Ottoman paste in front of the Blue Mosque
The "wishing pigeons" of Istanbul
I had a negative impression of going to Istanbul. It gets a lot of bad press and a few short days before we went there were talks of a coup. Thus, I decided to not tell anyone where I was going...I didn't want anyone to needlessly worry about me, and witnessing a coup seemed like something pretty exciting anyhow! Seeing the number of Senior Citizens' tour groups that we did put any worries of a coup immediately out of mind.
Istanbul turned out to be a wonderful surprise. There are, of course, the well known tourist attractions like the Blue Mosque, The Grand Bazaar, The Golden Horn, St. Sophia, Whirling Dervishes and The Bosphorus. There is also something magical about the city. A mixture of old and new, east and west and absolutely full of the friendliest people I have ever met, anywhere (and if you have been reading this blog, you know I have been a few places). We only stayed a few days in Turkey. I had no idea how much the country had to offer and I fully intend to return to explore the greater part of the Turkey. I learned so much about myself, the world and Turks while here. Istanbul has transformed me, perhaps nearly as much as Kashmir.

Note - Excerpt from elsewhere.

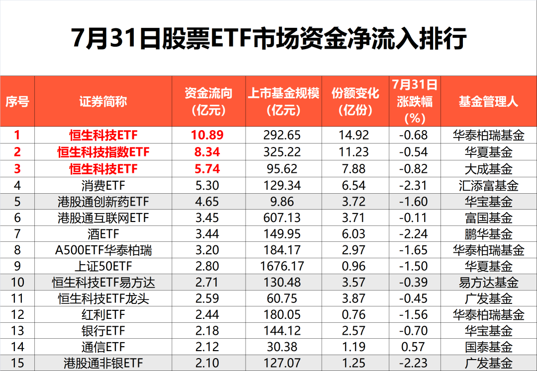 具体到指数维度,7月31日恒生科技指数资金净流入居前,达33.05亿元。其中,华泰柏瑞基金、华夏基金、大成基金旗下跟踪该指数的ETF产品,跻身资金净流入前三强。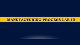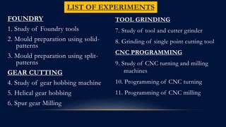 The document describes various manufacturing processes including foundry, gear cutting, and tool grinding. In foundry, it discusses mould preparation using solid and split patterns. For gear cutting, it explains gear hobbing and spur gear milling processes. It provides steps to make moulds and cut gears. It also provides specifications of a gear hobbing machine.

This is something I should have written about earlier, while it was still fresh in my mind but I was too busy living and exploring to take the time to write about it. C'est la vie.
From Istanbul, another overnight train..this time to ThessalonĂki, Greece. I haven't got much to say about ThessalonĂki, but in short, do you know why you have never heard of that world famous excellent Greek service? Because it sucks. Horribly. Oh...but you can buy a chipmunk in a cage if you are so inclined. The poor service also extends from the restaurants to the airlines and to top it all off, we were flying out on a day that they decided to call a strike so our plane was delayed by several hours and we were stranded in perhaps the world's most depressing airport. Next stop...Berlin.
Because it was cheap to fly to Berlin, and because we wanted to visit another country, we flew to Berlin. We spent a night in a hotel cum kindergarten (yes, you read that right) luckily, school was out and we weren't disturbed by the goings on of a school directly below our hotel room. What is the one thing you would want to see if you had only a few hours in Berlin? Why...Checkpoint Charlie of course. This historic spot along the former Berlin Wall is perhaps the most famous transfer point between east and west and was iconic of the cold war. Nowadays, you can pay a man dressed in a uniform to stamp your passport with any one of a dozen or so stamps from the communist era. I didn't go for it. Marsha did. Goodbye Berlin, Hello Doesburg, Netherlands.
In Doesburg we were privileged to spend several days/nights with Marsha's friend Julie and her family. It was a treat to spend time in this type of setting after so long living an unconventional lifestyle. We had one of our funnest days during a folk festival in Doesburg. We both went clog dancing! It was a hoot.
The professionals
No trip to Holland is complete without windmills
From Doesburg, we spent a day in Amsterdam, visited the red-light district and saw a few sights before flying to Edinburgh, Scotland. Scotland is exceptionally expensive but also exceptionally rich in history, natural beauty and culture. We stuck to a pretty traditional tourist itinerary with a ghost tour of Edinburgh and a bus tour of the Highlands including a monster spotting cruise on Loch Ness. Next we flew to London. The idea was to drive to Stone Henge but soon after departing we abandoned this idea due to the horrific holiday weekend traffic and opted for a day in the city. I'm left with a pretty "been there, done that" sort of feeling about London. Granted it's rife with history and culture, but for me, the crowds and the cost are too much to make me want to return. From London, we parted ways. I flew to Denver, Marsha to Houston with plans to see each other in late June or early July.
The Highlands
So...that pretty much concludes what I'm going to take the time to write about Europe in this blog. I'd love to talk to you in person about it sometime over a beer!